SocioCortex Visualizer SocioCortex


SocioCortex Visualizer

A configurable model-based data dashboard solution which fosters transparency of the information flows from the enterprise data sources to the numerous stakeholder-specific dashboards in the organization.

The SocioCortex Visualizer as part of the umbrella project Spreadsheet 2.0 is a web-based tool access the data in SocioCortex and visualizing it in dashboards. In this context, a dashboard describes one web-based view consisting of one of more visualizations of potentially different types.

Customizable and Analyzable Dashboards

Motivated by the spreadsheet paradigm, which is the customizability of data analyses and visualizations by end-user, the dashboard can be easily configured at runtime. This means, that users can rearrange, add or remove visualizations to the dashboard. Furthermore, each visualization can be configured separately, i.e., users can adjust each visualization’s data bindings and visual properties.

Customizing and Configuring a Dashboard and its Visualizations

In the SocioCortex Visualizer, the data binding is defined by using SocioCortex’s model-based expression language (MxL). By MxL, users can access and query the data model as defined in SocioCortex, transform its data, and adjust it in accordance to the interfaces as specified by the respective visualization type. Since MxL is statically type-safe, an analysis of the expressions and validation of their static semantics can already ensure consistency with respect to the underlying data model.

For example, a Pie Chart has two data bindings: A list of names defining the labels of the pie’s pieces, and a list of numbers defining their size. The MxL’s static type safety enables the SocioCortex Visualizer to check an expression entered by an end-user with respect to its conformity with the visualization’s interface, i.e., if the expression returns a list of strings or numbers respectively. In this sense, the user is supported configuring the visualizations in a consistent and safe way.
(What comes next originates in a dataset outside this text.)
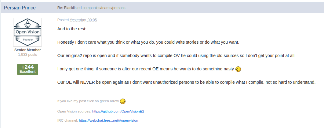 - DMM (DreamBox) company which did close their enigma2 sources years ago.

Based on the data bindings of visualizations as well as other data transformations defined by MxL, SocioCortex can automatically generate a data flow graph. The SocioCortex Visualizer provides this graph to the user, including futher meta data for each of the graph’s nodes, e.g., owners of visualizatons and dashboards, editors of transformations.

Making the Information Flow Transparent

This data flow graph enables the implementation of multiple use cases, e.g., impact analysis (which visualizations are affected when changing a certain data field), documentation of the information flow to address compliance demands, or stakeholder identification.